Night time is the time that I find hardest to cope with at the moment. There is quite a ritual. When she is finally turned on her side in bed, she needs her mouth suctioned out. She does that herself. Sometimes I help, but I have a rule that I refuse to put the handpiece past her teeth. The next is to make sure the BIPAP is set up properly, mask straps adjusted correctly, water in the reservoir, mask clean & most importantly, a strip of plaster across the bridge of her nose to stop it from chafing. Fitting the mask is something not to be rushed, as it's better to get it right first time.
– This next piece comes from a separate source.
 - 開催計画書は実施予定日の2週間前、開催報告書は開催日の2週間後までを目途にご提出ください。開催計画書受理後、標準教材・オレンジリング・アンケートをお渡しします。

Then there is a thin pillow to go between her knees to pad her painfully thin legs & arthritic knee, the final roll over to her sleeping postion, adjusting her pillow to the just right position, snuggling the blankets up round her shoulders nice & warm, the kiss goodnight, me saying ,"I love you," her clenching my hand, which is her way of saying the same, turning the light out & off to the lounge.
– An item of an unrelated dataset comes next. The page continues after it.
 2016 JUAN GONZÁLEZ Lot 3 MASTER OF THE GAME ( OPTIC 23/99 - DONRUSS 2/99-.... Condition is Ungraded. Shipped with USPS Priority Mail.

Sometimes I get to sit & watch the Discovery Channel for an hour or so with the dog on my knee, her heaving great sighs of happiness, me with a whisky & soda in hand. More often than not its me just getting settled & Jude ringing the pager because her mask isn't right, or she needs to suction her mouth again. This can happen 3 or 4 times before she finally settles. Once I'm sure she is settled &/or what I'm watching has finished, the little dog & I go for a 5 minute stroll then go to bed. The hardest bit is when I get woken up an hour after I finally get to sleep because she needs to go to the toilet. That involves waiting till she comes back so that I can settle her down again.
You will therefore, understand why sometimes it is very easy to get a little bit short when you continually get your down time interrupted. I have on a couple of occasions walked out of the bedroom in sheer frustration at my inability to divine what is wrong & remedy it. Sometimes I need to stop before I go to her & remind myself of a few things.
I think back to when I had both Carpal Tunnels repaired & How frustrated I was that I couldn't even wipe my own butt. I remember what an independent lady Jude has always been, now she can't even dress or feed herself, let alone express herself. I think about how it must feel to know that it isn't going to get better, only worse. I think about the gardening, patchwork & helping people that she used to love so much. I stack all this up against missing a few minutes of TV, or having a broken nights sleep & its a bit of a no contest really. Yes, it is difficult at times as the level of care increases, but doubly maybe trebly so for your loved one. So when the tough times come, just try & remember the love & trust you are being shown in that you have the privelege of caring for someone so brave. That certainly helps me to put a smile on my face & a kind word in my mouth at my low times.
Thursday, June 23, 2011
Sunday, June 12, 2011
Sweet Home....
Well, my precious little family is all safely back in the nest. Jude didn't get an Ambulance home. She didn't really need it, she has recovered so much. We did have to hang around, however, till1.30 for an appointment with the sleep lab. Jude's BIPAP mask doesn't fit so well any more, so they wanted to fit her with a new one, which they did. Its a neat mask & has a lot of features that are better than the old one she had, but as far as Jude is concerned, it has one major problem. You see, it has these protruding arms that stick out for the head strap to hook on to. It's fine if you sleep on your back, but she doesn't. She sleeps on her side with her head snuggled quite fetchingly into her pillow. if she does this with the new mask, the arms tend to push the seal away from her face. I rang the sleep lab on Friday & asked for the old one back & in the meantime have repaired her old one with string & surgical tape to get her through till the new one arrives.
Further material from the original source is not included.